Primers were designed using OligoPerfect Designer (http://www.invitrogen.com/). The polymerase chain reaction (PCR) mixture consisted of 200 ng of genomic DNA, 0.2 mM dNTP’s, 1 U Phusion High-Fidelity DNA polymerase (Finnzymes, Espoo, Finland), 0.5 μM each forward and reverse primer, and 10.0 μL of HF buffer (Finnzymes) suspended in a total volume of 50.0 μL. PCR was performed using a Px2 thermal cycler (Thermo Electron Corp., Waltham, MA) using the following conditions: 98.0 °C for 3 min, 35 cycles of 64.4 °C for 30 s followed by 72 °C for 30 s, with a final hold at 72 °C for 5 min. PCR products were purified using QIAquick’s PCR purification and the products sequenced using an ABI 3730XL capillary sequencer (Applied Biosystems, Foster City, CA) at the W. M. Keck Center for Comparative and Functional Genomics at the University of Illinois at Urbana–Champaign.
Cell Lysis and 2D-LC
For 2D-LC and 1D-RPLC processing, ~2 × 108 were lysed into 5 mL of lysis buffer (50 mM Tris-HCl, 1 mM AEBSF, 10 mM DTT, pH 8) with 7 cycles of sonication on ice (30 s on, 30 s off), followed by centrifugation at 2000 RCF to pellet debris. Total protein yields were typically 50–100 mg (by Bradford assay) with 10–20 mg loaded for each AX run. For AX runs, a 4.6-mm SynChropak AX300 column (Eichrom Technologies, Darien, IL) was used at a constant flow rate of 0.75 mL/min. at pH 8 with the following gradient: solvent A, 50 mM Tris-HCl, pH 8.0; solvent B, 50 mM Tris-HCl, 750 mM NaCl, pH 8.0; 0–15 min, 0% B; 25 min, 20% B; 55 min, 70% B; 80 min, 100% B. For RPLC analysis, 500 μL of each AX fraction was loaded onto a 4.6-mm Vydac C4 column (Grace Vydac, Columbia, MD) maintained at 50 °C and run at 1 mL/min. with the following gradient conditions: solvent A, 0.1% TFA in H2O; solvent B, 0.08% TFA in acetonitrile; 0–10 min, 5% B; 15 min, 25% B; 63 min, 55% B; 68 min, 95% B. Fractions were collected at 1-min intervals and those absorbing >40 mAu were dried on a SpeedVac for Fourier transform mass spectrometry (FTMS) analysis. Alternatively, lysate (prepared above) or by whole cell acid extraction (AE) with 0.4 N H2SO4 was loaded onto a 4.6-mm Vydac C4 column (Grace Vydac) at 1 mL/min. and fractions were collected at 1-min intervals with the above solvents and the following gradient conditions: 0–10 min, 5% B; 15 min, 30% B; 85 min, 55% B; 95 min, 95% B.
FTMS Analysis
Selected fractions were resuspended in 30–70 μL of electrospray solution (49.5% acetonitrile, 49.5% water, 1% formic acid) and nanoelectrosprayed using a NanoMate 100 (Advion Biosciences, Ithica, NY).
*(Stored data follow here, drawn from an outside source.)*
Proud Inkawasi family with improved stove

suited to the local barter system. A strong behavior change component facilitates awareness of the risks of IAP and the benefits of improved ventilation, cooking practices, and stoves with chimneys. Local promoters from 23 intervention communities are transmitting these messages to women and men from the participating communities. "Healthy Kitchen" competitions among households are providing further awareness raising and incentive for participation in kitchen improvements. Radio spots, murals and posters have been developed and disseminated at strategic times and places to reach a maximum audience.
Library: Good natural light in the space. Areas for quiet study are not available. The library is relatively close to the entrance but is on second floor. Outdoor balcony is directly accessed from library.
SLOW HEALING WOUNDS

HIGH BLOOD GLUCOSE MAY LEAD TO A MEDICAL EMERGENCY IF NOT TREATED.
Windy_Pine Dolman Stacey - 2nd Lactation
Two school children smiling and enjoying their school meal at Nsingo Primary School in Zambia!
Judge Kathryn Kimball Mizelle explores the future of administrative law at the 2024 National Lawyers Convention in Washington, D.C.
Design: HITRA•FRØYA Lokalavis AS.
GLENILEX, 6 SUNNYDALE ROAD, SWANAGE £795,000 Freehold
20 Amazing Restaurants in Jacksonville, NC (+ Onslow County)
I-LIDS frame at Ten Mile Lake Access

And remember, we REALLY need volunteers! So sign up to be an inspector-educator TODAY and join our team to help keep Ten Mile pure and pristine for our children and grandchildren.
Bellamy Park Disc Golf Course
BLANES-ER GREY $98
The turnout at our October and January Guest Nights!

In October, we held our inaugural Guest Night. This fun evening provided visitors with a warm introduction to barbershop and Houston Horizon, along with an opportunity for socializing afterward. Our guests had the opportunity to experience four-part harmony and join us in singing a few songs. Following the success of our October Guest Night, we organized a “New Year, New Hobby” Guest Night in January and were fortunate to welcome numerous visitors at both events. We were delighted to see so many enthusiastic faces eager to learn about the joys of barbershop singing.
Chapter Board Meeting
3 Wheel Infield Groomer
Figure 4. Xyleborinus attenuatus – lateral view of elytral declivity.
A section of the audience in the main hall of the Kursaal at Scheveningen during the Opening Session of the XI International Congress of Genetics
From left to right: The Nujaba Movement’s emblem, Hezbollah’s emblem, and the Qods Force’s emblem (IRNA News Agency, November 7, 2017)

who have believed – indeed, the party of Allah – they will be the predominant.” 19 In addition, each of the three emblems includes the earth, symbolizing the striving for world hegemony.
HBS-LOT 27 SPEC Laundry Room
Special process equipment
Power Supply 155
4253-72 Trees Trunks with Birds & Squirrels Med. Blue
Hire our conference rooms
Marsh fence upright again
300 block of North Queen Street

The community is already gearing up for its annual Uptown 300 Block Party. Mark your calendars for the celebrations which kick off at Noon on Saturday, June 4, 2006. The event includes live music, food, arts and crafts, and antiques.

The instrument used here was a custom quadrupole-FTMS of the Marshall design23,24 fitted with an ion funnel of the Jarrold design.25 Fractions were subjected to a quadrupole-marching script for precursor ion selection.11 For fragmentation, precursor ions were mass selected using the notch-filtering quadrupole with window sizes 1–4 m/z wide. Fragment ions were produced by collisionally activated dissociation (CAD) in the external octopole,10 infrared multiphoton dissociation (IRMPD),26 and electron capture dissociation27 within the penning trap, with typical spectra comprising 25–100 scans.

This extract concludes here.